● ASSIGNED TASK:
Below are entries; repeat exactly, and nothing else, the lines from the one holding "sosyal medyada yayım" through the one holding "晨光文具837太陽能計算器商", inclusive. Leave the pictures out.

Records from a collection:
________________
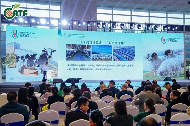 在产业介绍环节,灵武市养殖业发展服务中心主任陈晶以一系列详实数据,清晰勾勒出灵武牛奶与滩羊产业科学化、标准化、品牌化的发展路径:“灵武市奶牛存栏达19.96万头,生鲜乳年产量突破100万吨,抽检合格率连续14年保持100%”“预计到2025年底,全市羊只饲养量将达165.1万只,产业产值有望突破10.6亿元”。这些扎实的数据,有力彰显了灵武农产品雄厚的产业实力与可靠的品质保障,极具说服力地呈现在所有嘉宾面前。
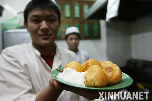 北京九门小吃奶酪魏的厨师在展示奶油炸糕(11月3日摄)。
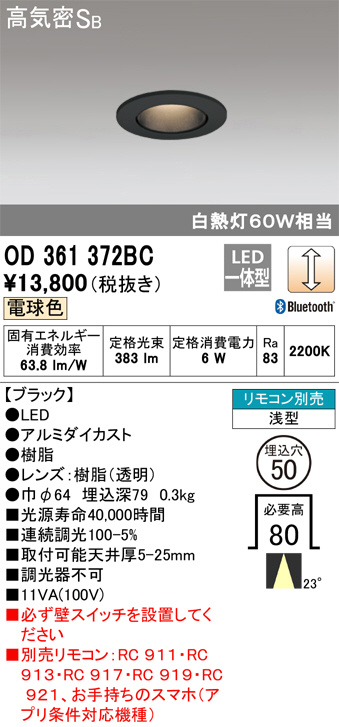 ODELIC ¥ª¡¼¥Ç¥ê¥Ã¥¯ ¥À¥¦¥ó¥é¥¤¥È OD361372BC
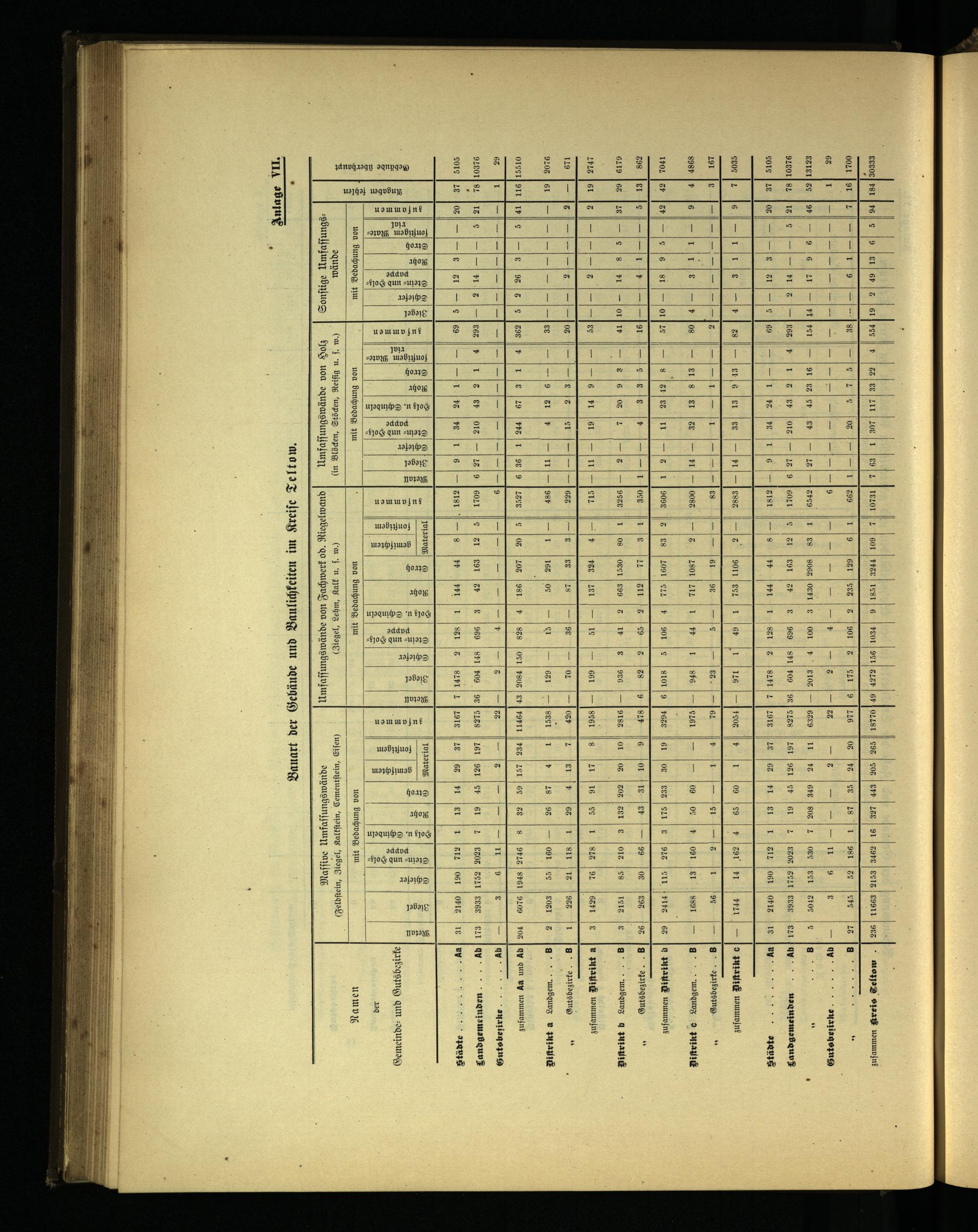 Maſſive Umfaſſungswände Umfaſſungswände von Fachwerk od. Riegelwand Umfaſſungswände von Holz Sonſtige Umfaſſungs. Siegel,. kö Eiſen) Siegel, Lehm, Kalk u. ſ. w.)(in Blöcken, Stöcken, Reiſig u. ſ. w. wände
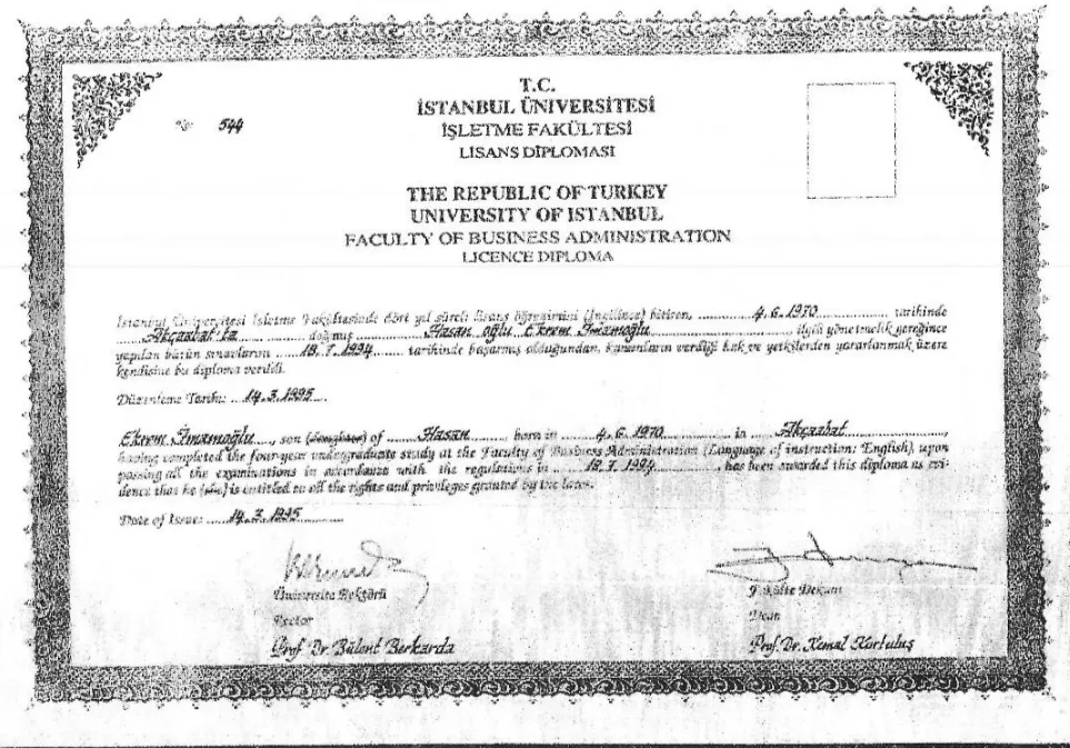 sosyal medyada yayım yapan bir özel haber kanalı tarafından yapılan açıklamada, 2 yıl öncesinden hazırlanan raporla İstanbul Büyükşehir belediye Başkanı Ekrem İmamoğlu'nun Kıbrıs'tan aldığı Diplomayla YÖK'e nakil yaptırmasının imkansız olduğuna karar veren YÖK tarafından, diplomasının sahte olduğuna karar verildiğini ve iptal edildiğini duyurdu.
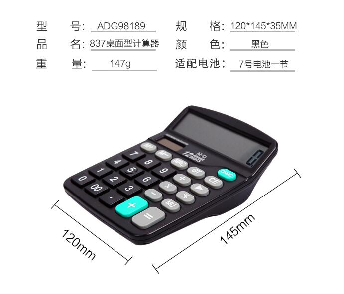 晨光文具837太陽能計算器商務(wù)型辦公用會計專用科學(xué)商用學(xué)生考試大屏大按鍵計算機(jī)大號小號便攜雙電源
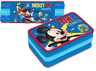 L'astuccio si compone di 3 scomparti, rifinito ognuno con una chiusura a zip Indispensabile e bellissimo astuccio pieno per la scuola elementare . Il corredo perfetto allo Zaino Scuola e utilissimo per il lavoro in classe ed a casa. Completo di accessori pastelli e Pennarelli di altissima qualità. contenuto: 1 gomma, 1 temperamatite, 1 penna rossa, 1 penna blu, 1 matita, 1 righello, 1 Forbicina 1 settimana, 18 pastelli a matita Disney , 18 pennarelli Giotto.
________________
● EXERCISE SOLUTION:
 sosyal medyada yayım yapan bir özel haber kanalı tarafından yapılan açıklamada, 2 yıl öncesinden hazırlanan raporla İstanbul Büyükşehir belediye Başkanı Ekrem İmamoğlu'nun Kıbrıs'tan aldığı Diplomayla YÖK'e nakil yaptırmasının imkansız olduğuna karar veren YÖK tarafından, diplomasının sahte olduğuna karar verildiğini ve iptal edildiğini duyurdu.
 晨光文具837太陽能計算器商務(wù)型辦公用會計專用科學(xué)商用學(xué)生考試大屏大按鍵計算機(jī)大號小號便攜雙電源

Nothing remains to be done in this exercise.